近年の機械学習関連技術の急速な発展に応じて、学術研究や技術開発分野への機械学習関連技術の導入が活発に試みられるようになっています。私の研究する「データ駆動理学」は、物質内部の原子・分子が織りなす物理的現象や人間やほかの生物の行動によって形成される社会科学的現象といった、多様な自然現象をあまねく対象として、それらを機械学習でモデル化し、そのモデルを解釈して自然現象の理(コトワリ)、つまり自然現象の背景にある仕組み・原理を解明することを目指す学問分野です。データ駆動理学はData-Driven Scienceを日本語に当てた訳語ですが、よく用いられる訳語はデータ駆動"科学"となります。私は、コトワリを解明する点に特に注力して研究を行っているため、Scienceを敢えてこの言葉が陽に現れた理学と訳して私の専門分野の呼称として用いています。後述するように、コトワリの解明は科学的アプローチで社会課題を解決する際に根幹をなす要素となるため、データを用いて課題解決を実現することを目指すデータ駆動理学は、まさにソーシャル・データサイエンス研究科に適合した研究分野の一つであると私は考えています。

次に、データ駆動理学分野で、科学による社会課題の解決へ向けて、具体的にどのような研究を実施しているかを説明しようと思います。

図1:科学による社会課題解決と人間と機械学習の協業

そのためにまず、科学による社会課題解決の流れを、その好例である熱力学の事例を用いて説明します(図1)。1769年にジェームズ・ワットによって開発された熱機関が、産業革命や工業化社会の原動力となったことはよく知られています。科学者は、その性能を向上させ原理を解明することを通して熱力学の構築をはじめました。最初は、圧力や体積といった観測可能な物理量のモデル化から始まりました。このような特定の現象について観測されたデータの範囲内でその現象をモデル化したものを、本稿では内挿モデルと呼称します。科学者が現象の内挿モデル構築にとどまっていれば、科学は今のような莫大な投資を受け、社会課題解決の有力な手段とされることはなかったでしょう。科学者は、単なる特定の現象の内挿モデル構築だけにとどまらず、熱機関だけでなくこの宇宙に存在する現象であまねく成立するエントロピー増大則や、自由エネルギーといった抽象的で汎用的な原理・法則・概念を発見するに至りました。この宇宙に存在するあらゆる現象を記述する熱力学は、最終的にアメリカの物理学者のウィラード・ギブズ(1839-1903)が化学反応論をも包含するものとして完成させました。これによって、熱機関の理論であった熱力学が化学反応における新たな指針の存在を予言し、その結果、ハーバー・ボッシュ法のような、人工的なアンモニアの合成による肥料づくりの技術の開発を導きました。このようなある特定の現象の観測データの範囲を超えた、一般的に成り立つようなモデルのことを、本稿では外挿モデルと呼称します。つまり、科学者によって、単なる内挿モデルを超えた一般原理(外挿モデル)の解明が実現されたことによって、当時の一つの大きな社会課題であった食料不足が解決されたのです。

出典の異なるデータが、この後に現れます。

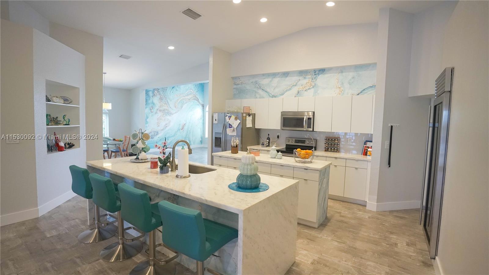 Gorgeous lakefront home with all the amenities! This beautiful property has 4 bedrooms 3 baths, a pool, outdoor kitchen complete with fire brick pizza oven and grill. Pool is saltwater and is heated. There is plenty of natural light throughout the house, stainless steel appliances, and a bonus full size wine fridge. Primary bedroom has a large walk in closet and bath with shower and stand alone tub. Impact windows and a magnificent lakefront view you will enjoy. The washer and dryer in the garage are staying. Appraisal was completed recently.
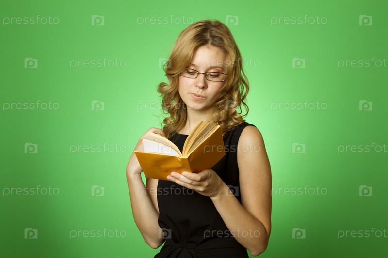 Молодая женщина в очках с книгой на зеленом фоне
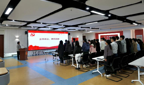 2024年3月27日中午,365上市公司党总支在上川路校区学生活动中心101(党群服务中心)召开了题为“纳新聚力强党性 奋力一跃创新高”全体党员大会。会议由365上市公司党总支书记凌慧义主持,无党派人士、副院长吕大永列席,全院师生党员参加。
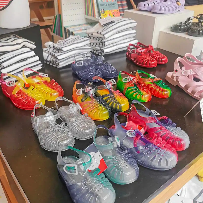 Craquez pour les sandales Suntri Méduse® France. Les journées ensoleillées n’attendent plus que... les sandales Suntri ☀️ Vos pieds vont adorer votre partenaire officiel des escapades sous le soleil. Dotées de couleurs fun, elles sont aussi 100% made in France (vous sentez ce petit air de fierté ? 🇫🇷). Que ce soit pour la plage, le parc, ou la chasse aux papillons, les sandales Suntri assurent une saison estivale sans fausse note ! Pour finir, 100% recyclable, elles offrent une durée de vie impressionnante de 15 ans! Conçues en PVC sans phtalates, elles respectent la charte INNOSHOE® pour un confort optimal.
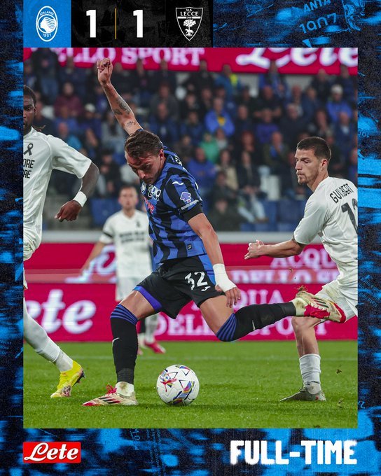 Στο Μπέργκαμο, Αταλάντα και Λέτσε, έμειναν στο 1-1 πετυχαίνοντας από ένα γκολ σε κάθε ημίχρονο, από το σημείο του πέναλτι. Έχασε ευκαιρία να πάρει νίκη που θα της δώσει αέρα στη μάχη της παραμονής η Λέτσε.
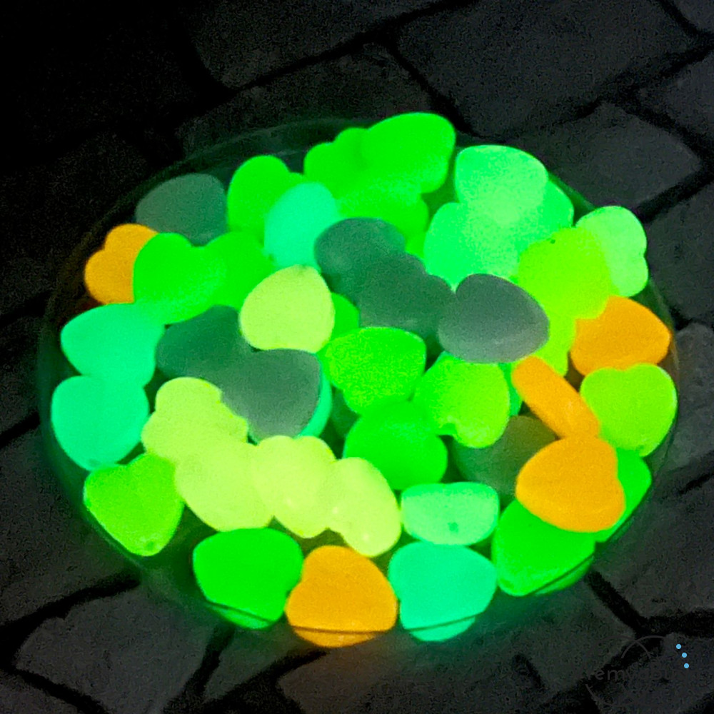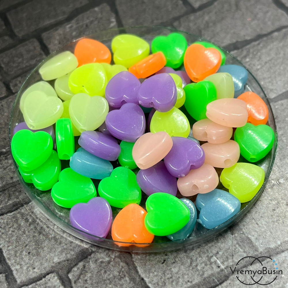 Бусины акриловые, сердце 8 мм, светятся в темноте (упак. 10 шт.)
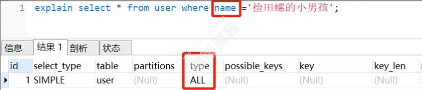 有一个联合索引 idx_userid_name,我们执行这个SQL,查询条件是 name,索引是无效:
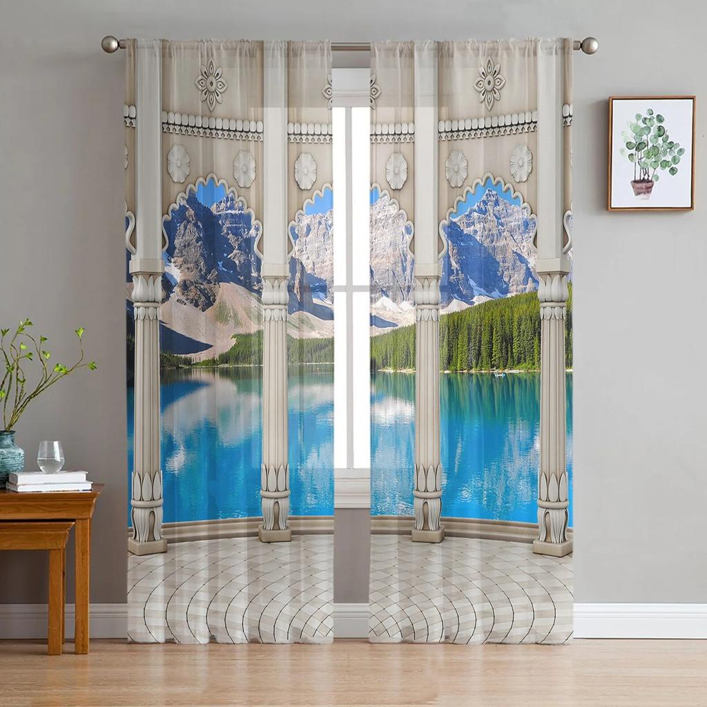 Lake Snow Mountain Forest Chiffon Sheer Curtains For Living Room Home Decoration Window Voile Tulle Curtain Drapes

このように、単なる内挿モデルを超えた一般原理(外挿モデル)を演繹(えんえき)的に導き、それを大胆に外挿する人間の科学的洞察力は、科学を駆動し社会課題を解決するための知識の源泉となるものです。

しかしながら、現象が初期宇宙の形成や磁性材料の磁区構造形成、高分子材料内の構造形成、生物の群れのダイナミクス、核融合炉内のプラズマ乱流のダイナミクス、各種経済現象といった非線形・非平衡で複雑な現象となると、そもそも内挿モデルの構築自体が困難となります。その場合、科学者の洞察による一般原理の探索の段階に至ることができなくなってしまいます。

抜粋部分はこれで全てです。